Constructing the shale plants and refineries cost billions and require a oil price of over $80 per barrel to recoup the costs of drilling and generate revenue. The wells were funded and built on a projection of $100 per barrel of oil.

Saudi Arabia would need to keep the cheap oil price down for at least a year to ensure that the market for Shale oil collapses once and for all.

The Prince claims, “So although we are caught off guard by this [price drop], we are capitalizing on this matter whereby we’ll live with $50 temporarily, to see how much new supply there will be, because this will render many new projects economically unfeasible.”

If this is indeed the strategy then we can expect the low oil prices to continue.

Water off a … bear’s back

Recent details from BNP Paribas indicate that the low oil price would only affect Russia’s GDP by a mere 2%.

The low oil price has impacted countries like Oman the most along with Venezuela and Gabon. The drop from $100 to $80 is expected to impact the Omani GDP by almost 10%.


Oman’s economy relies heavily on oil. Crude oil and accounts for well over half of Oman’s exports – of which a third go to China. China’s growth expectations have just been readjusted down and demand for oil from the Chinese, European and Japanese has also dropped.

Analysts expect that the price drop won’t, however, affect UAE, Qatar and Kuwait as badly since, according to BNP Paribas, the losses can be offset with fiscal stimulus.

The Dollar relationship

Many Gulf countries including Saudi Arabia, Oman and UAE have pegged their currency to the dollar. Considering that their biggest export was oil – which is traded in US Dollars, this made a lot of sense.

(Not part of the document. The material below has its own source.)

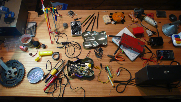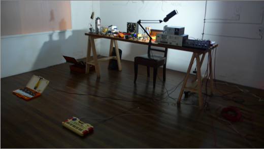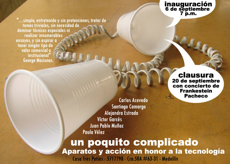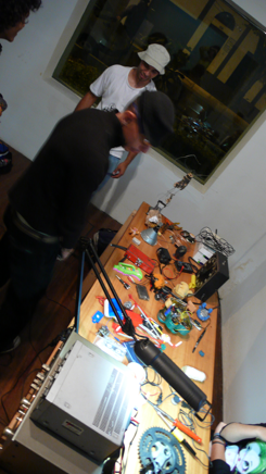 Il y a eu le dernier jour de l’exposition des enfants , des chiens, de gens du quartier qui ont participé en jouant tout les instruments-jouets. Le défi aussi c’était d’apprendre a brancher, souder, faire de bidouilles électroniques simples. Je ne pas touchée un ordinateur, l’idée c’était d’aborder la «technologie» de la manier plus fait maison. Lier avec des fil électriques des dessins sur les murs aux objets à piles. Alors, comme l’éxpo s’appelait «un poquito complicado», ça allait.

Countries would need to buy Petrodollars in order to trade oil, regardless of with whom they trade. This arrangement has benefited the United States incredibly because it ensured the US Dollar became a de factoreserve currency. The additional dollars were usually reinvested into financial products.

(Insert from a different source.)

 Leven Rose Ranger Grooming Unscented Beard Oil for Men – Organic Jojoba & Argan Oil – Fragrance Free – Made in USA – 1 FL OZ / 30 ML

This arrangement may now be coming to a close. Many countries, particularly the BRIC group of countries are starting to enter bilateral trade agreements and therefore trading in either their own currencies or other currencies, such as Euro, Yuan and Rouble.

As result, less Petrodollars are being ‘created’ and thus less liquidity is entering the financial markets. The drop in liquidity has had an impact on the latest crisis.

If countries are no longer trading in US Dollars, then they can also opt to devalue their currency in an attempt to offer their exports cheaper.

Kazakhstan has just de-pegged its currency from the US Dollar. The Kazakh Prime minister then gave this startling insight during a Bloomberg article:

“At the end of the day, most of the oil-producing countries will go into the free-floating regime,” including Saudi Arabia and the United Arab Emirates, Karim Massimov said in an interview on Saturday in the capital, Astana. “I do not think that for the next three to five, maybe seven years, the price for commodities will come back to the level that it used to be at in 2014.”

The depegging and devaluing of the currency would also, for example, benefit Oman’s floundering tourism industry which has also been affected from the strong US Dollar relative to the Euro. Since a large percentage of tousrist come from Europe, Oman is now an expensive destination.

Depgging from the US Dollar is not only a economical decision, it is also a political move and individual countries will want tread carefully. If more momentum does gather regarding the bilateral trade agreements for oil and further countries depeg from the US Dollar then this could be a tide that the Americans cannot stop.